Aunque lastrada por sus numerosos problemas, la película es un entretenimiento válido para los peques de la casa.


Un inimitable kinkajú -un 'oso de la miel'- llamado Vivo se pasa la vida tocando en una plaza de La Habana con su dueño Andrés. Puede que no hablen el mismo idioma, pero, gracias a su mutuo amor por la música, son el dúo ideal. Andrés recibe una carta de la famosa cantante Marta Sandoval, su excompañera, en la que le invita a su concierto de despedida con la esperanza de reconectar con él. Pero poco después se produce una tragedia y será Vivo quien deba entregarle a ella el mensaje que Andrés no pudo darle: una carta de amor, escrita hace mucho tiempo, en forma de canción. Sin embargo, si quiere conseguir su objetivo, Vivo necesitará la ayuda de Gabi, una adolescente muy despabilada que marcha al son de su propio y peculiar ritmo.

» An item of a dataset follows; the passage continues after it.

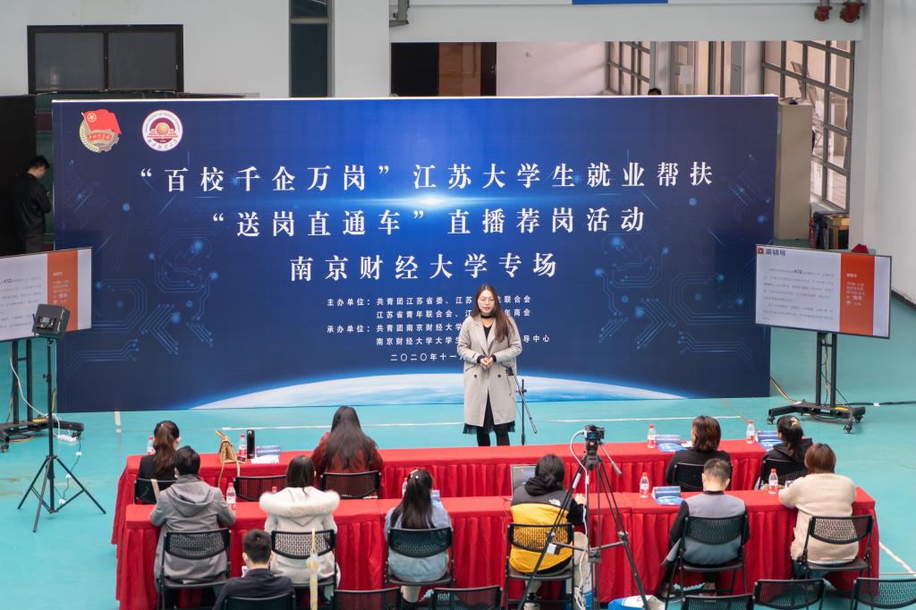 招聘会现场,校团委承办了“百校千企万岗”江苏大学生就业帮扶“送岗直通车”直播荐岗活动南京财经大学专场,现场10余家用人单位通过线上直播、线下面试相结合的方式,为全省高校毕业生提供线上就业岗位推荐、就业观引导等就业服务,助力毕业生实现更高质量就业。值得一提的是,此次直播活动在线观看人数超1200人次,反响热烈。

Este viernes, Netflix estrena la primera película animada musical de Sony Pictures Animation que llega en un más que evidente intento por tener su propia 'Coco'. Dirigida por Kirk DeMicco (Los Croods), la cinta nos propone un accidentado viaje lleno de música que empieza en la ciudad de La Habana, un interesante escenario algo desaprovechado y romantizado consciente de que esta es un filme infantil, así que no esperemos un fiel retrato de la realidad del país. De esta forma, un oscuro giro tempranero es el catalizador de una aventura que comienza con fuerza y encanto y va desinflándose poco a poco a medida que avanza.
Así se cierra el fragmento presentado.